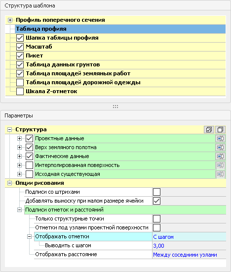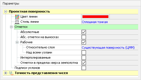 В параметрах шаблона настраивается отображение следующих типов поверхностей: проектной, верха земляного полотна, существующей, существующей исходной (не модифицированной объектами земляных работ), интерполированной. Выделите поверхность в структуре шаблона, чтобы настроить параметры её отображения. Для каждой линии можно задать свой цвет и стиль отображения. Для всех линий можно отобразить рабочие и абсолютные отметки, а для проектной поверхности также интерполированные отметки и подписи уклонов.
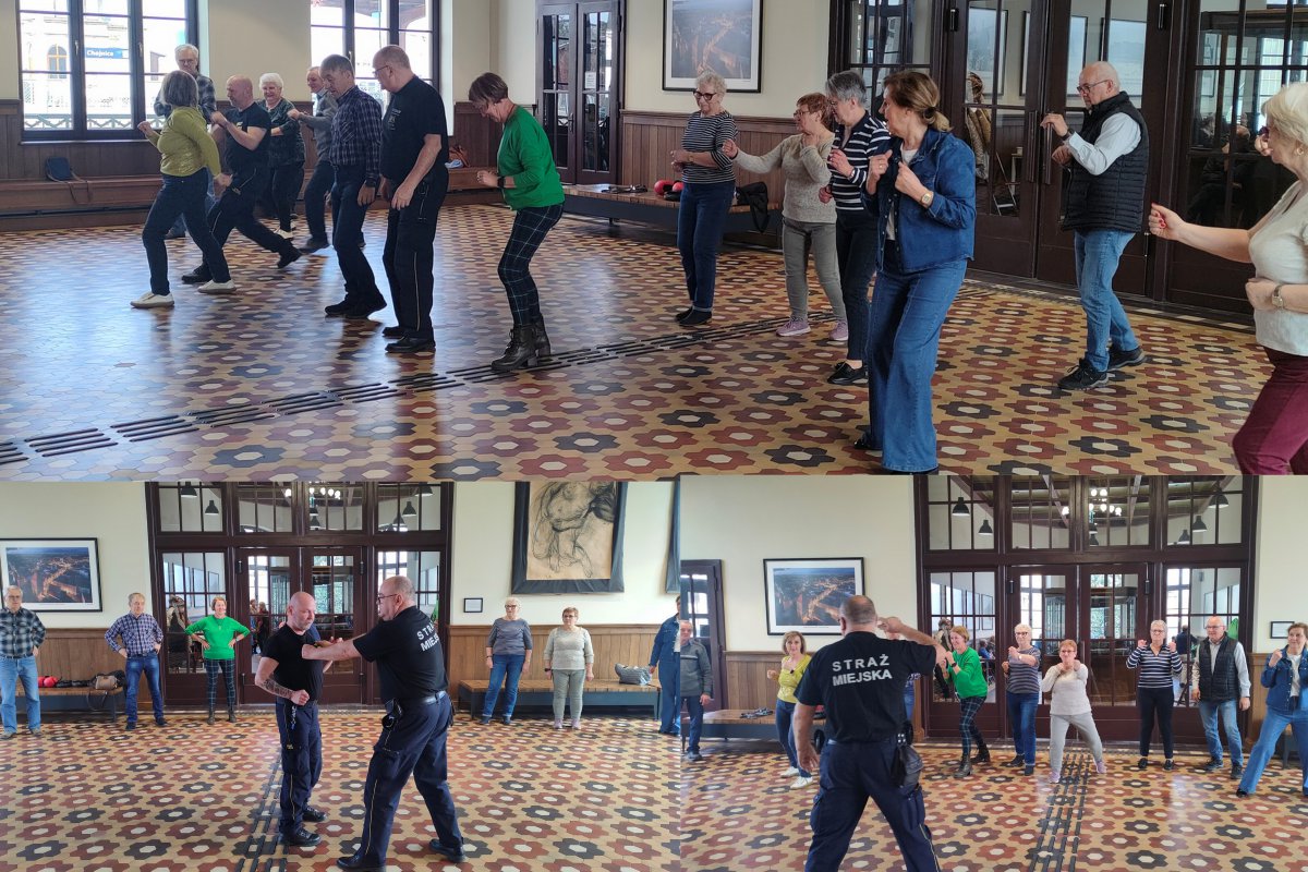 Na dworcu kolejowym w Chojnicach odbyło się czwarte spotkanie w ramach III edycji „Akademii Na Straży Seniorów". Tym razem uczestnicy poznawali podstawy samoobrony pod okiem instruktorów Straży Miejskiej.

┄┄┄┄┄┄┄┄┄┄┄┄┄┄┄┄┄┄┄┄

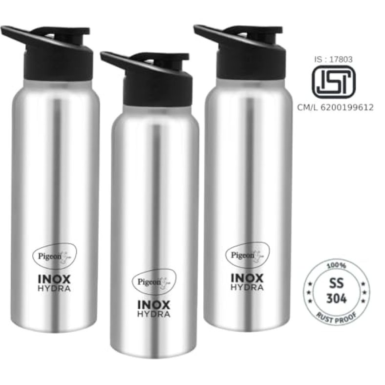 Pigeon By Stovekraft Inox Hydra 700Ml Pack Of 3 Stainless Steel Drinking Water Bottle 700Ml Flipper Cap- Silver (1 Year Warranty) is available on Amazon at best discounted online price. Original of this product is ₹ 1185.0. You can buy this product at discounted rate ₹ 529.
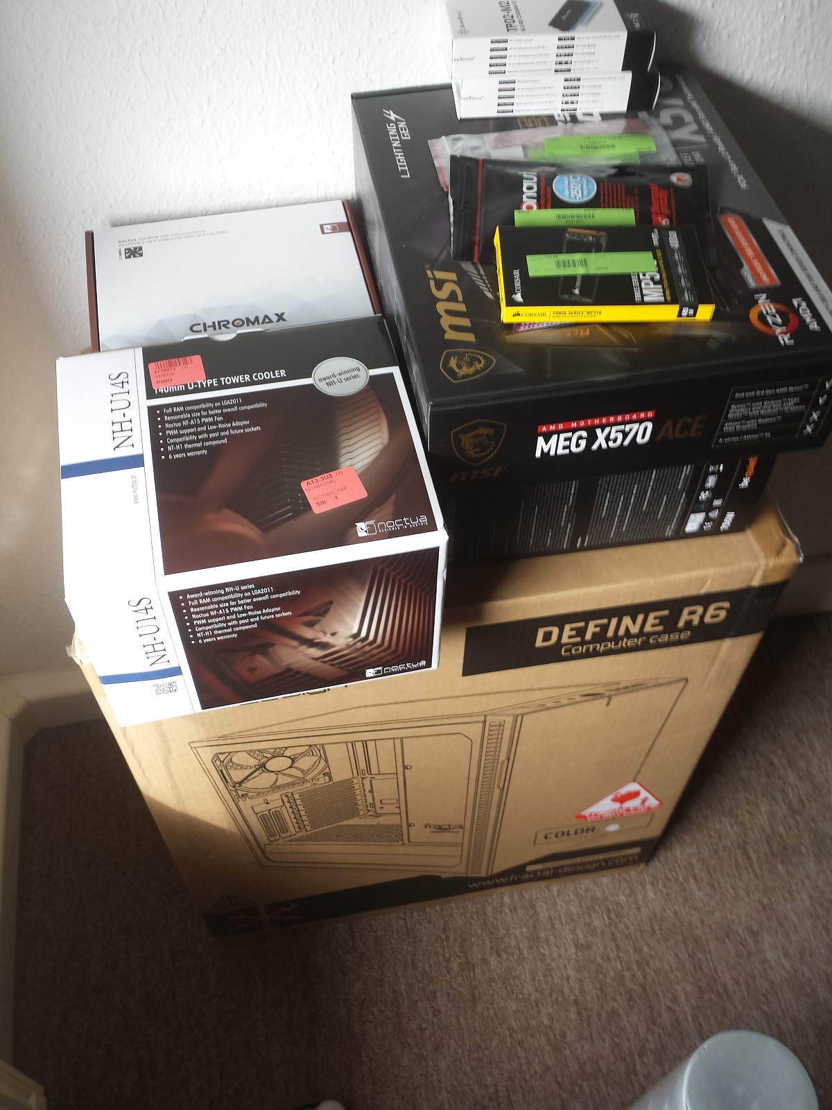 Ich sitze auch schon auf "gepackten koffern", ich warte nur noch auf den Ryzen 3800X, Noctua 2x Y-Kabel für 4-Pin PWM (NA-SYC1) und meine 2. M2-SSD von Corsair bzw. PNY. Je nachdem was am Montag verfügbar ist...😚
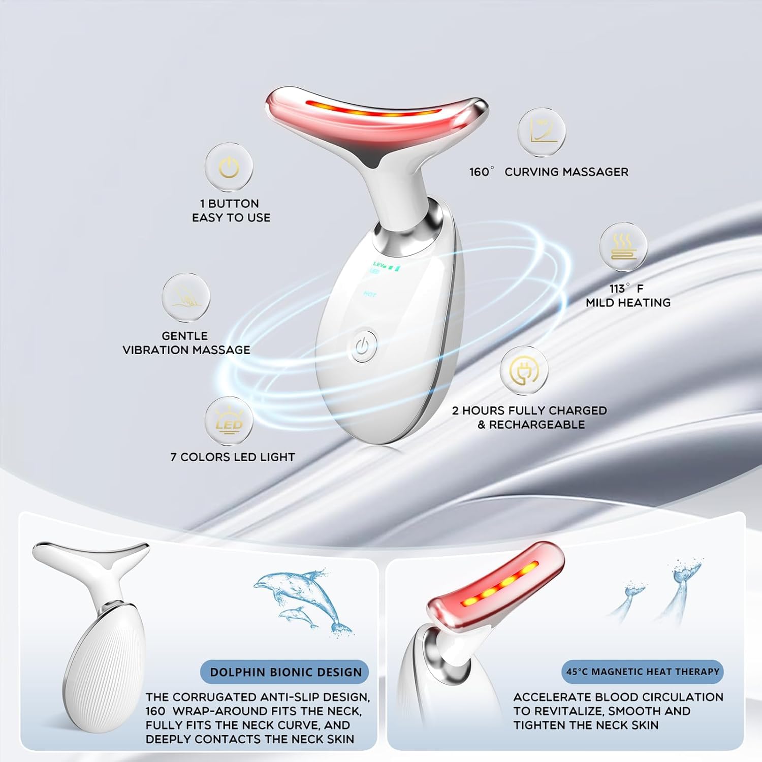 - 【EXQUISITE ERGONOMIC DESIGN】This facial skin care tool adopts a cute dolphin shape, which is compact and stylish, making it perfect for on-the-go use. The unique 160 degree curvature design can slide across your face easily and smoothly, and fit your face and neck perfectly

┄┄┄┄┄┄┄┄┄┄┄┄┄┄┄┄┄┄┄┄

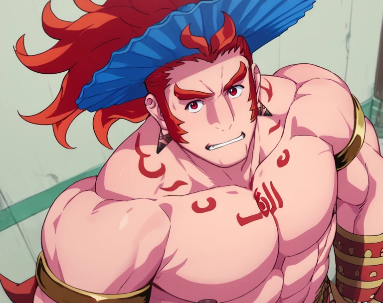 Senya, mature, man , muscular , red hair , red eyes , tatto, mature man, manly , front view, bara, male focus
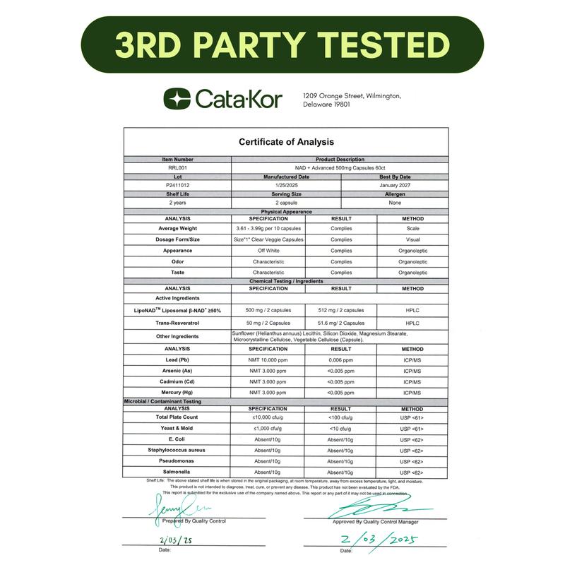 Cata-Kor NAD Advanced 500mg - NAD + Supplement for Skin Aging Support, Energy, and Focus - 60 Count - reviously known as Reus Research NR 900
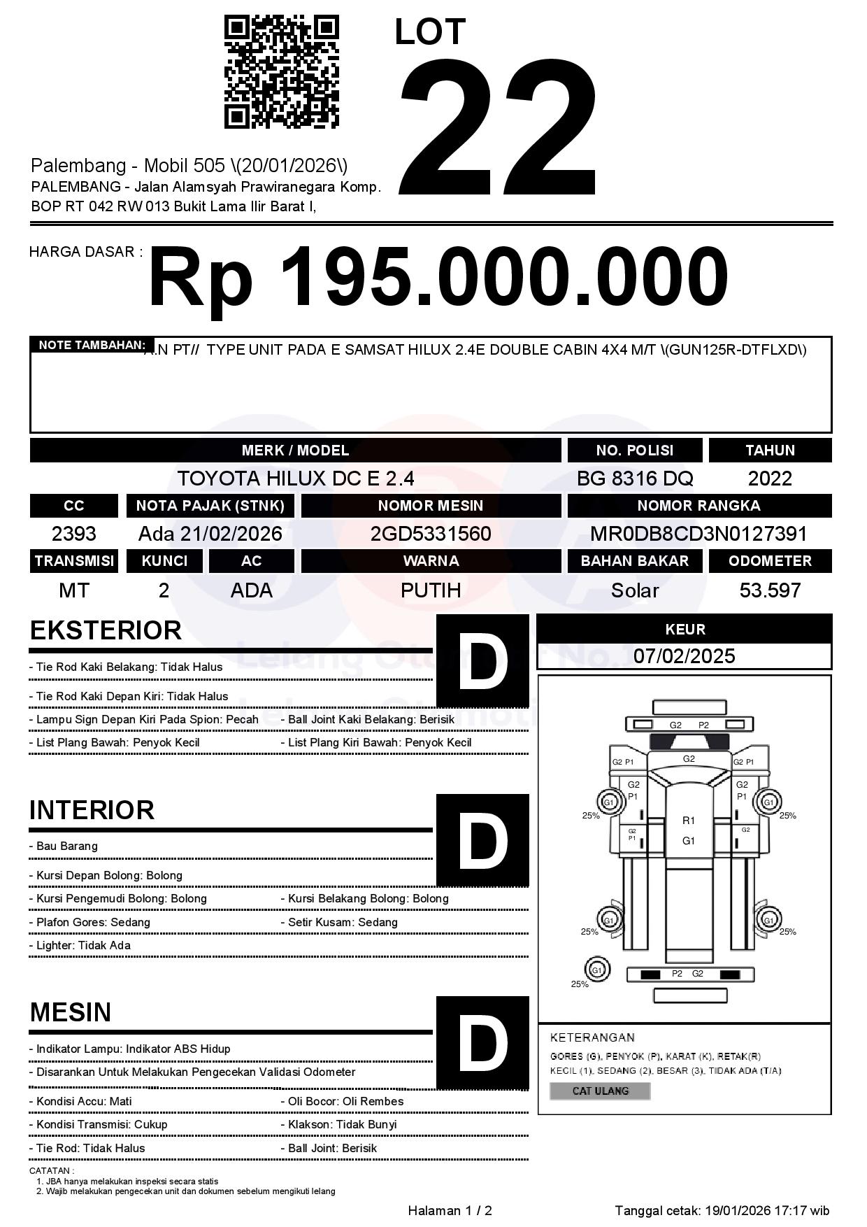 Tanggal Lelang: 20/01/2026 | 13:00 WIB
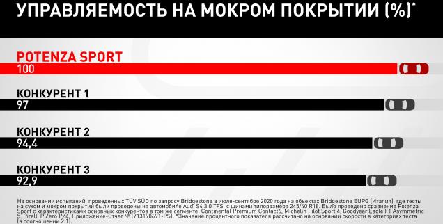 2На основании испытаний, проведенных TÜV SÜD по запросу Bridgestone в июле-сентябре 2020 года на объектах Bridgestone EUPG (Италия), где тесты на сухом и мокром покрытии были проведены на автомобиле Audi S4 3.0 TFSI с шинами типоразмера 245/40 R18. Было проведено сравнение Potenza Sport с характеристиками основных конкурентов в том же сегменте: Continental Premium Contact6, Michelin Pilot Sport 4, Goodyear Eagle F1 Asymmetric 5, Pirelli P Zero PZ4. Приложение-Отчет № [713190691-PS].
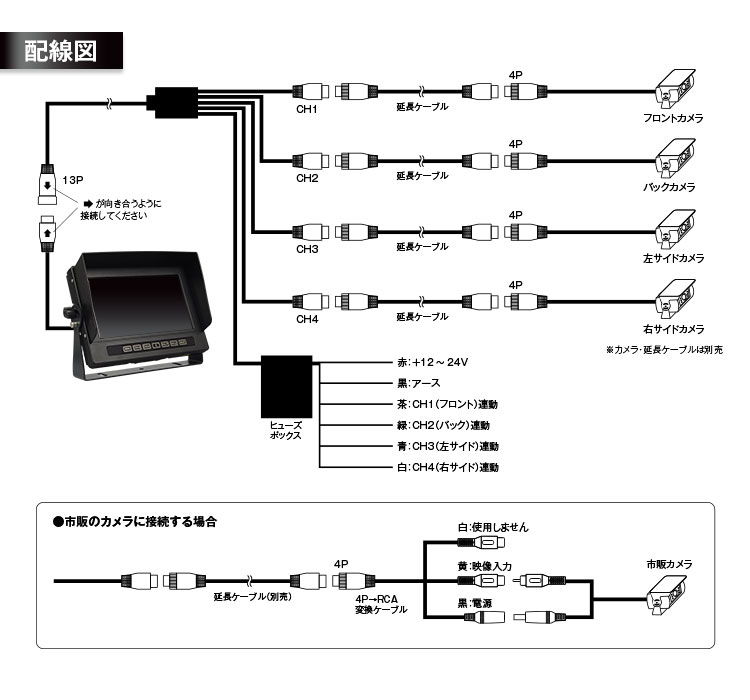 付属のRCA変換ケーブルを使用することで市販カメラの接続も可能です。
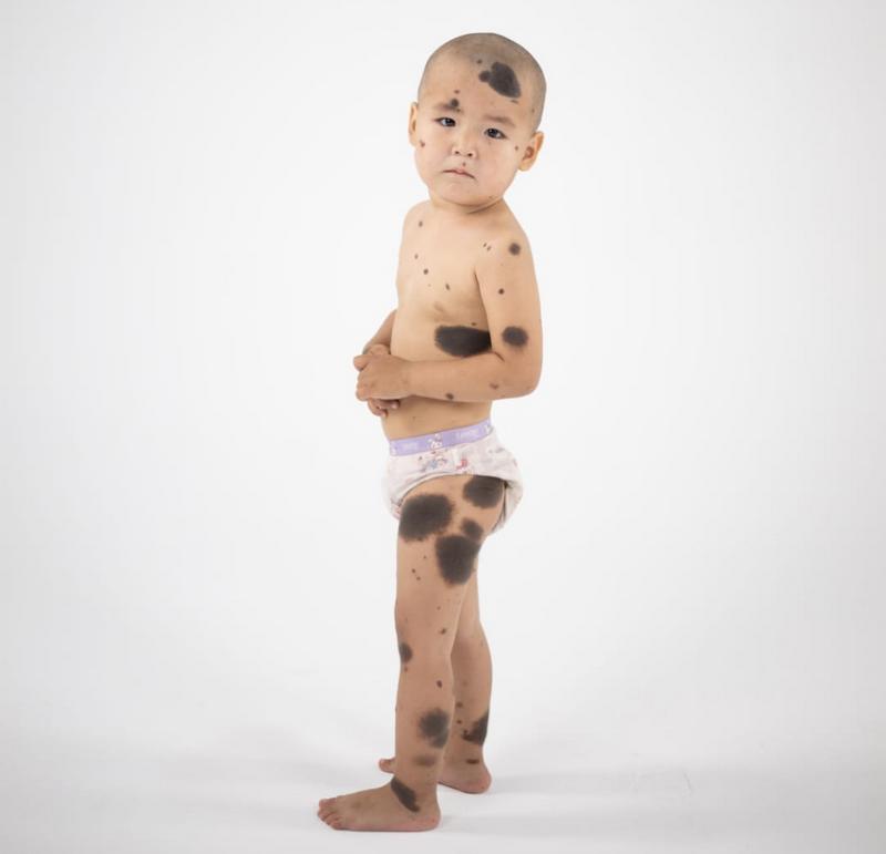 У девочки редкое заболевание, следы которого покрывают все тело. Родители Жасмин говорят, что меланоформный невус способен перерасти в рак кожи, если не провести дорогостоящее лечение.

┄┄┄┄┄┄┄┄┄┄┄┄┄┄┄┄┄┄┄┄

● YOUR INSTRUCTIONS
Although the records above contain pictures, the copy must not; set down exactly the lines from the one with "Pigeon By Stovekraft" up to and including the one with "Ich sitze auch".

● SOLUTION
 Pigeon By Stovekraft Inox Hydra 700Ml Pack Of 3 Stainless Steel Drinking Water Bottle 700Ml Flipper Cap- Silver (1 Year Warranty) is available on Amazon at best discounted online price. Original of this product is ₹ 1185.0. You can buy this product at discounted rate ₹ 529.
 Ich sitze auch schon auf "gepackten koffern", ich warte nur noch auf den Ryzen 3800X, Noctua 2x Y-Kabel für 4-Pin PWM (NA-SYC1) und meine 2. M2-SSD von Corsair bzw. PNY. Je nachdem was am Montag verfügbar ist...😚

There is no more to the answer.